Experiments + Tests umbrella (Phase 1 of the multi-tenant rollout)
The umbrella sits above every existing typed run table so the "what was the user trying?" question gets one consistent answer regardless of which downstream engine produced the artefact.
Tables
| Table | Purpose | Key columns |
|---|---|---|
experiments | User-driven container; one row per hypothesis / sweep / iteration | id, slug, name, kind (ml/rl/analysis/backtest/paper/bot/agent/research/hypothesis/optimization/ablation/sweep), status, parent_experiment_id, lab_id, metrics jsonb |
tests | Pass/fail-style assertions attached to an experiment | id, experiment_id, slug, name, assertion_kind, passed, details jsonb, run_ref_table, run_ref_id |
Both inherit ProjectScopedMixin (owner_user_id / workspace_id /
project_id).
Linkage to typed runs
Migration 0037 added nullable experiment_id (and test_id where it
applies) columns to:
backtest_runsml_experiment_runsrl_runsanalysis_runsbot_deploymentsstrategy_tests(also getstest_id)paper_trading_runsagent_runs_v2agent_runs
Existing rows stay at NULL; only new flows opt in.
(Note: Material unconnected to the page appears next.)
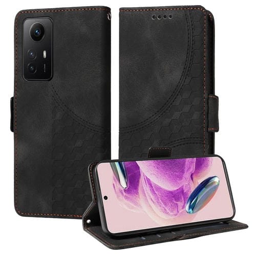 Para Redmi Note 12S 4G Funda de Teléfono de Cuero Estrellado con Rombo En Relieve Global (Negro)
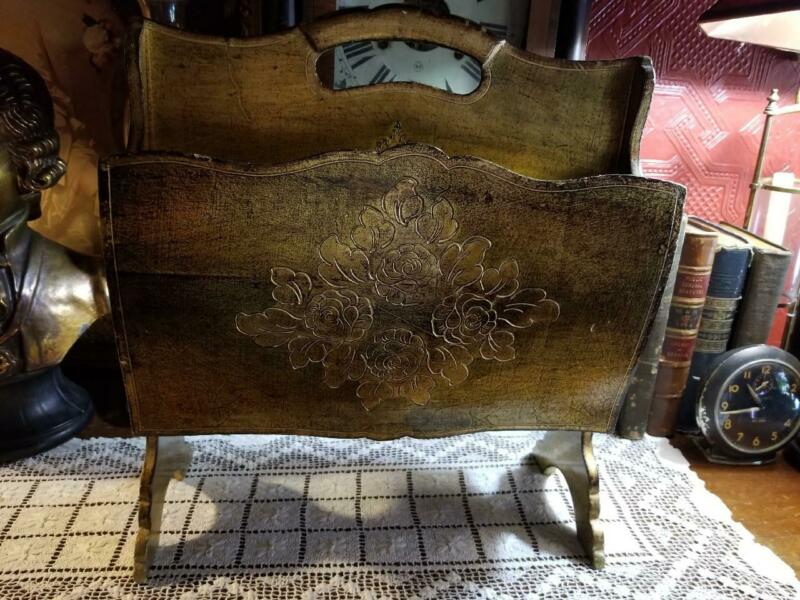 Title (ebay affiliate link): Vtg MCM Florentine Folk Tole Gold Painted Wood Magazine Holder Hollywood Regency

The
LedgerWriter _stamp chain copies
RequestContext.experiment_id / .test_id onto every row that
has the matching attribute, so most flows just need a populated
RequestContext to flow through.
Hard rule
Hard rule 34 in AGENTS.md: "Every new
run-producing flow MUST populate experiment_id (and test_id
where applicable) on its run row. Don't add a new *_runs table
without an experiment_id FK."
REST surface
| Method + path | Purpose |
|---|---|
GET /experiments | List (filter by project_id, kind, status, parent_experiment_id) |
POST /experiments | Create (slug auto-derived from name) |
GET /experiments/{id} | Describe |
PATCH /experiments/{id} | Update (status/metrics/parent) |
DELETE /experiments/{id} | Cascade-deletes tests |
GET /experiments/{id}/runs | Stitched view of every typed run row pointing here |
GET /tests | List (filter by experiment_id, passed, assertion_kind) |
POST /tests | Create attached to an experiment |
GET /tests/{id} | Describe |
POST /tests/{id}/evaluate | Set the pass/fail verdict + ref into a typed run row |
MCP surface
data.experiments.list— list / filter.data.experiments.tree— nested view (PARENT_OFchain).data.experiments.describe— full row + counts of linked runs.data.tests.list— list / filter.data.tests.describe— full row.
Cross-reference
- The Phase 2 ownership graph projects every experiment +
test + linked run into Neo4j. See
alphaswarm_docs/ownership-graph.md. - The Phase 6 frontend ContextBar lets the user pin a specific experiment (when the route declares one). See the route handlers for which surfaces opt in.
- The Phase 7 LEAN clone-to-workspace flow optionally creates an
experiment when the user provides a name. See
alphaswarm_docs/strategy-templates.md.